Inconvenient, but necessary.
This life-changing news comes to me from the Yorkshire Post. The Brontës were frequent visitors to Ponden Hall, “the grandest house in the area,” whose owners had a lavish library and often loaned books to the literary sisters. The bookshelves are still there; said current owner and Brontë fan Julie Akhurst: “It’s incredible to think Emily would have sat here reading. We have a catalogue of the books that were here then and they probably influenced her. There were gothic novels and books on necromancy and dark magic.”
And now it’s a B&B, run by Akhurst and Steve Brown, who have owned the property for 21 years. “The majority of guests are from America with a healthy contingent from Belgium and others from China, Japan, Korea and Moldova,” apparently. And it sounds like a great place to creep yourself the hell out:
The most popular B&B room at Ponden Hall is the Earnshaw room. It features a tiny east gable window that exactly fits Emily Brontë’s description in Wuthering Heights of Cathy’s ghost scratching furiously at the glass trying to get in.
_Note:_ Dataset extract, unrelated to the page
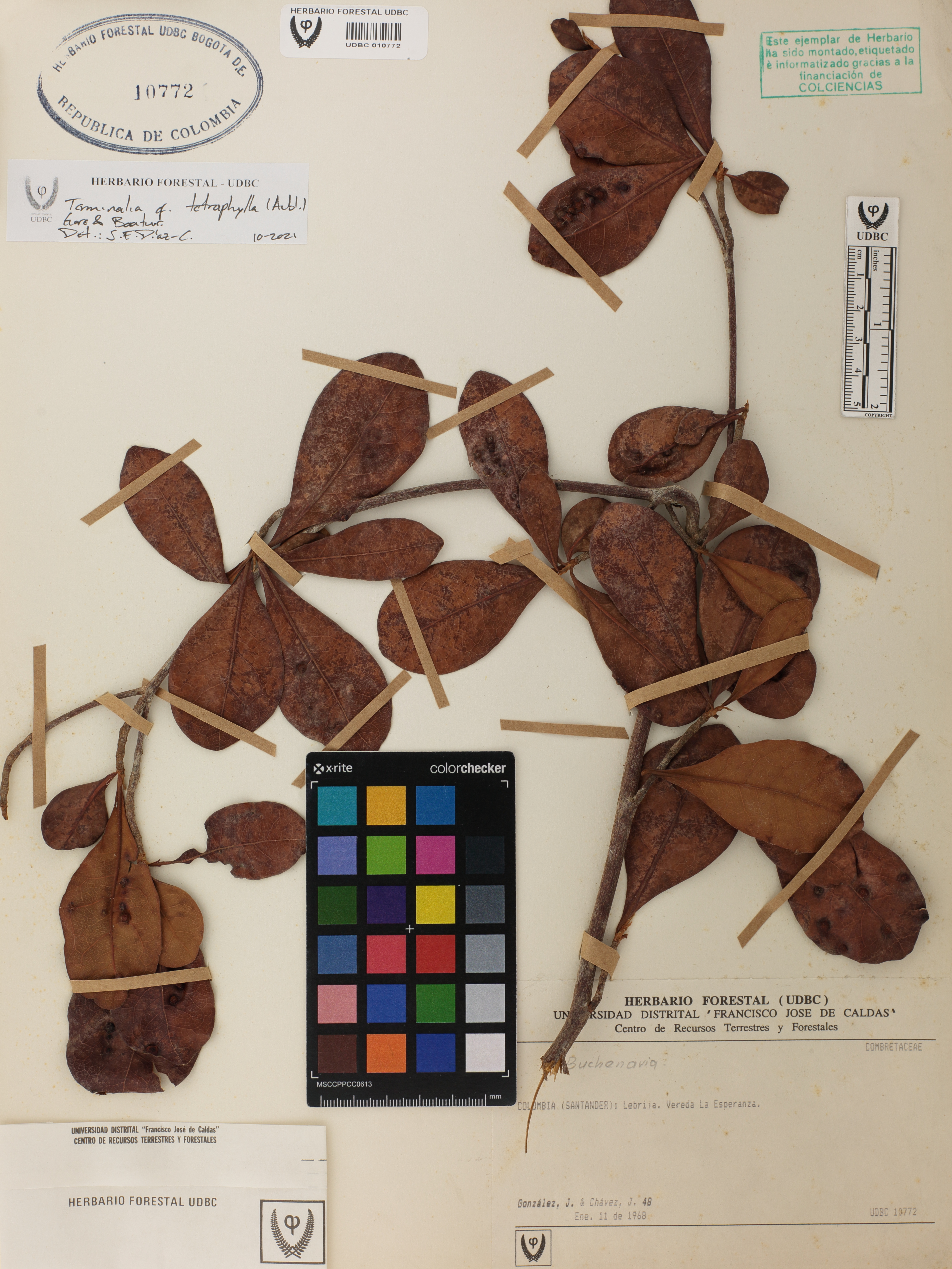 Fotografía del ejemplar González, J. 48, determinado como Terminalia tetraphylla en el año 2021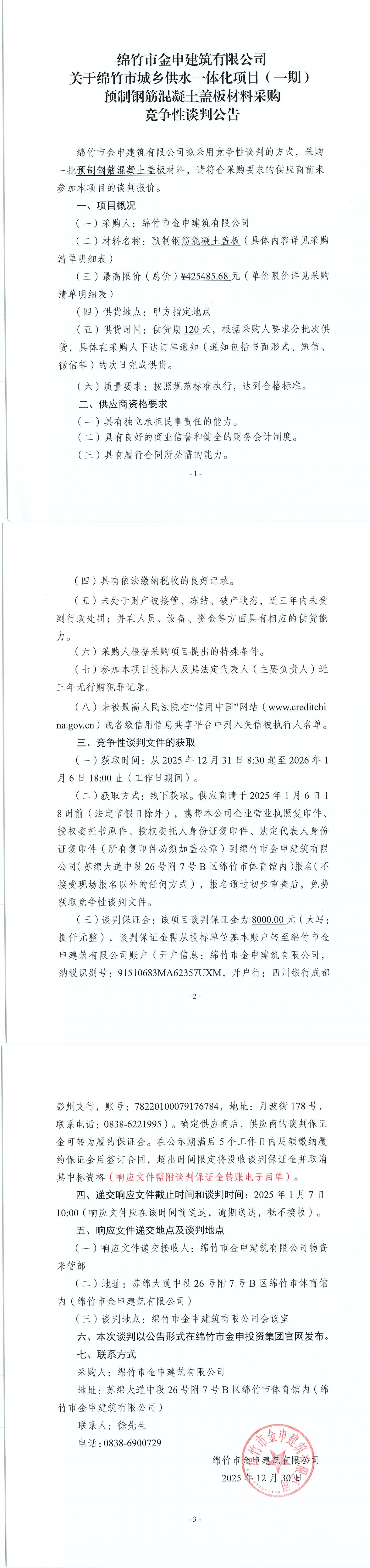 金申建筑关于城乡供水一期预制钢筋混凝土盖板材料采购竞争性谈判公告

The words of the story’s narrator, Mr Lockwood, still gives readers goosebumps: “I muttered, knocking my knuckles through the glass, and stretching an arm out to seize the importunate branch; instead of which, my fingers closed on the fingers of a little, ice-cold hand.”
“We think that Emily based that scene on this room because old documents relating to the house describe a box bed in a room across from the library and you can see where it was bolted to the wall by the window. It is just how it is described in Wuthering Heights.
So if anybody wants to loan me £1.25 million, I’d be eternally grateful and reserve you the Earnshaw room anytime you want it!